Conrad pulled a bottle of champagne from the fridge. As Ruby headed for the door he stepped in front of her. ‘Don’t take the bait, Rube.’
Even with two serving plates heavy with roast turkey and potatoes, parsnip and greens, she sidestepped him like a sober welterweight in a bar fight. In the dining room she focused on her younger brother, Curtis, sitting across the table from Ryan, his hands already up in surrender. She wished her sisters were there. They weren’t so gutless.
‘I see you want things your way as usual, Ryan,’ she said, waving a tea towel at the spread on the table before bustling back to the kitchen. ‘Serve yourselves and start eating. Don’t wait for me.’
‘We most certainly will wait,’ Ryan said. ‘It’s Christmas, after all, and tradition demands we say grace.’
‘Fair enough,’ Conrad said, standing at the door with the champagne in one hand and a jug of gravy in the other.
Ruby appeared behind him, shooing him into the room as if he were one of her chickens. He allowed her to bustle past him and take her seat at the head of the table, only then stepping forward to fill her glass. Once he’d been around the table he took his place at the far end.
‘Are we ready, then?’ Ryan asked, the great cost of his minute of patience clear in his voice. He reached out to his neighbours, Ruby clasping one hand without complaint while Elaine, Curtis’s wife, took the other.
‘Bless us, O Lord, and these, Thy gifts, which through Thy bounty we are about to receive, through Christ our Lord. Amen.’
‘Amen,’ the family mumbled, as if their mouths were already full.
Curtis smiled at Conrad, who hadn’t bothered to mumble. ‘There’s a pagan up each end,’ he said. ‘Silent a
s the grave, they were.’
‘I didn’t notice much from you either, little brother,’ Ryan said, reaching for the gravy jug. ‘Since this is your first Christmas with us, Elaine, let me apologise for your new husband’s behaviour. I assure you it is entirely typical.’
In many ways Elaine was like Conrad. When she and Curtis began keeping company, Ruby had mistaken her well-presented good looks for too much self-regard, but she quickly grew to see she was wrong. For one, she had the wisdom not to reply to comments like that from Ryan. By contrast, Maggie, Ryan’s wife, wore her substance plainly. That she’d tolerated Ruby’s big brother as long as she had spoke volumes.
‘Did any of you go to church this morning?’ Ryan said.

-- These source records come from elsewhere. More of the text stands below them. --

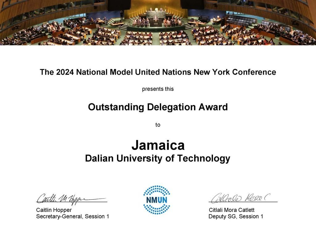 本次纽约全美模拟联合国大会于3月24至28日在纽约举办,共吸引来自107个国家、共计331个代表团的5000余名大学生参赛。大会设专门评审团根据各代表团参与委员会的表现、贡献及成果等综合评选出获奖团队经大会组委会指定此次我校代表团代表牙买加参会。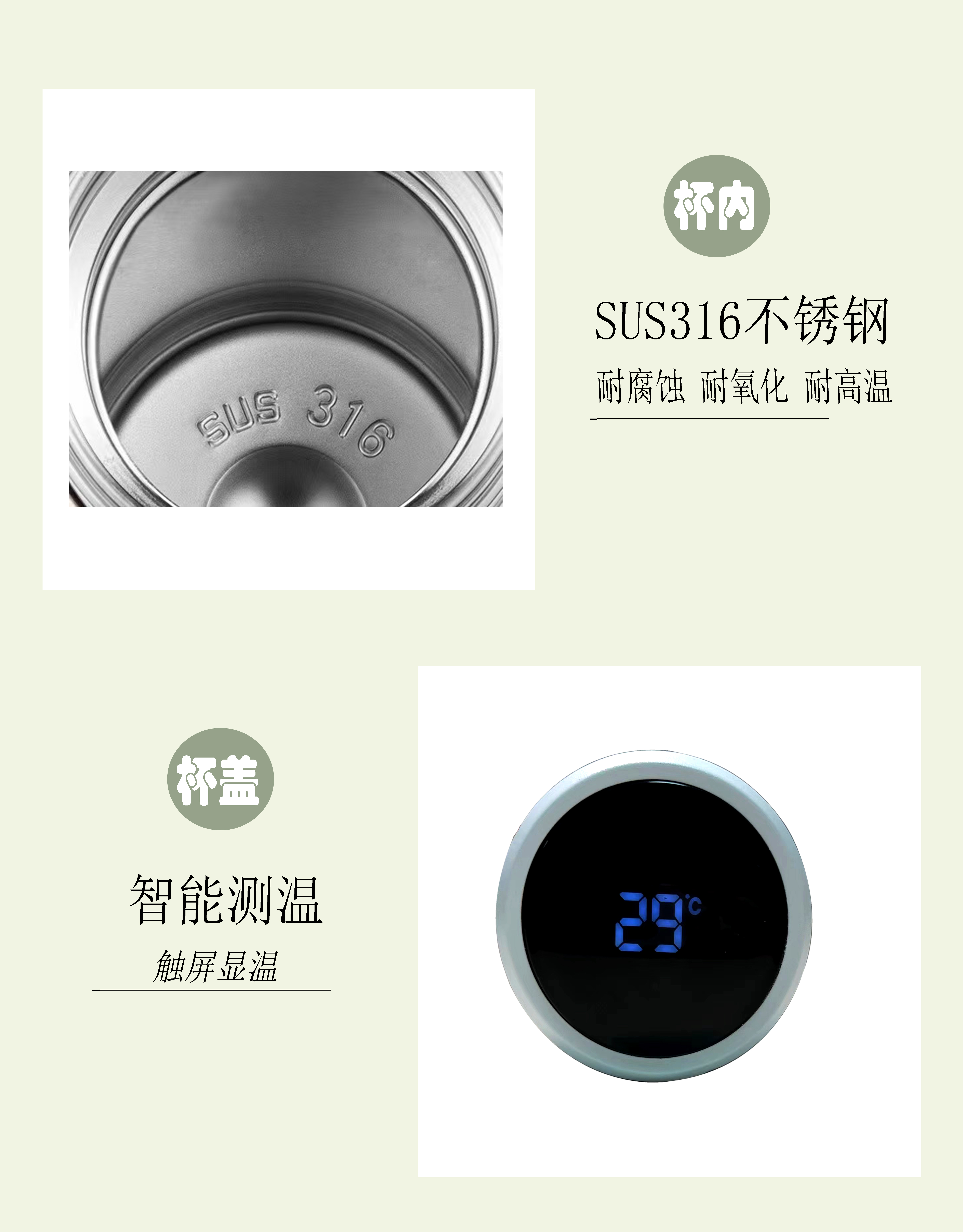 《胜战》智能显温保温杯 316不锈钢内胆 独立茶仓 茶水分离 一触显温 杜绝隐患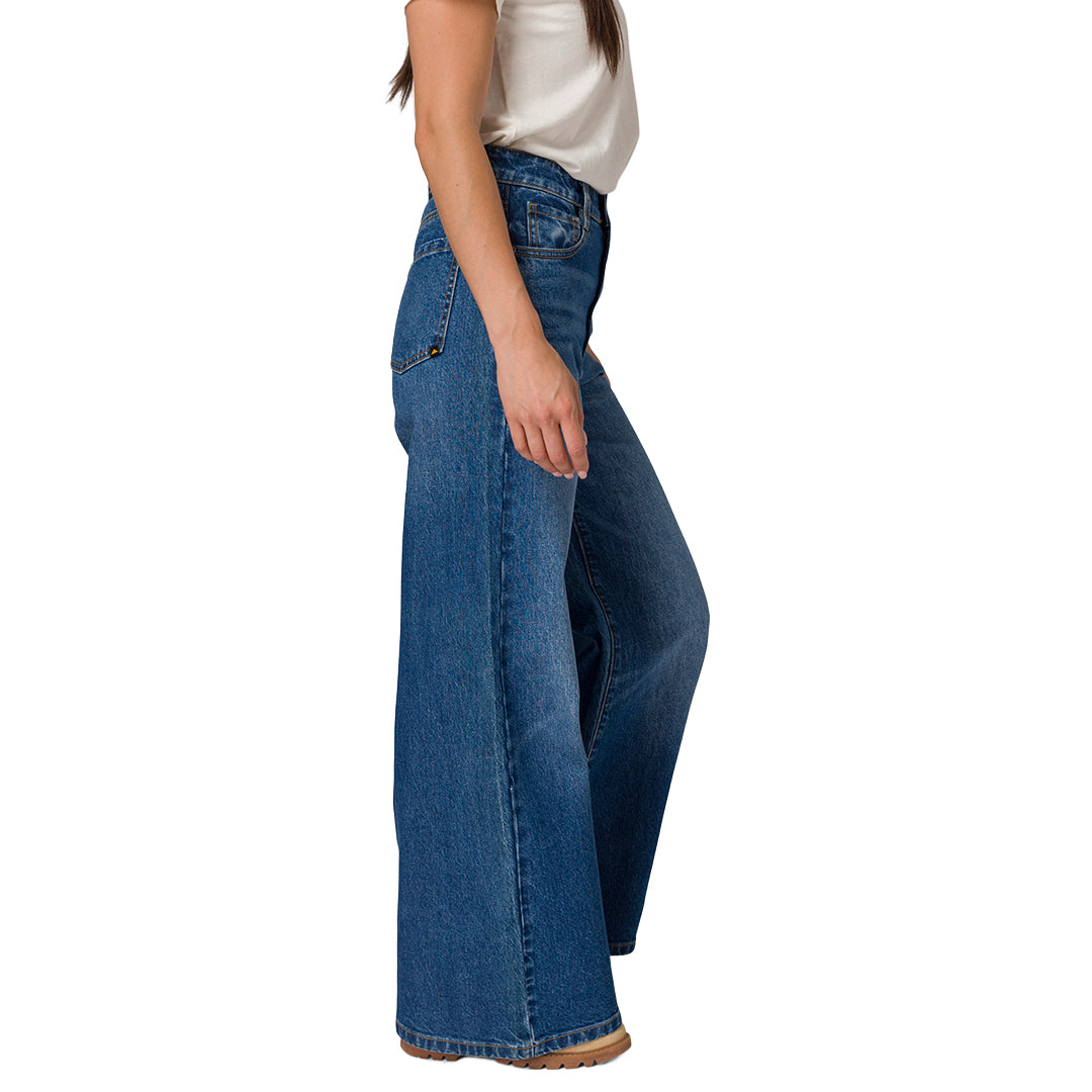 Jeans flare Wide para mujer color indigo

Rachael and Edi both lived in Queensland. Curtis was the only sibling she saw regularly, even though Ryan lived close by. Yet with both parents gone, Ruby felt some familial drive to bring everyone together for Christmas lunch, even if a year had passed since they last spoke. No matter what, it was better to gather family than to deny them. But after the royal commission and the media attention, it wasn’t a usual Christmas.
‘Conrad, Alex and I did,’ Ruby said.
‘Did you? And how did you find the sermon, Conrad?’
Conrad cleared his throat. ‘We go for the community and the ceremony of it all – you know that.’
Ryan scratched turkey meat off his drumstick, spiked it with his fork and then mashed peas against it. ‘But what did you think of the prayers that were offered? And the hymns? Did you join in?’
Ruby picked up her glass and emptied it past halfway in one mouthful.
Maggie squared up to her husband. ‘Don’t you get on your soapbox.’
Ryan pushed his chin towards Conrad. ‘Is there a better time to sing?’
Ruby snorted. ‘Parties, birthdays, rallies. In the bloody shower.’ She drained her glass and scanned around for the bottle.
‘I’m not one for singing at the best of times,’ Conrad said.
As she retrieved the champagne from the sideboard, Ruby stared at her brother’s salt-and-pepper hair, his broad forehead and green eyes, all of which she shared, along with his love of a stoush. In her, though, they were attractive traits, or so Conrad said.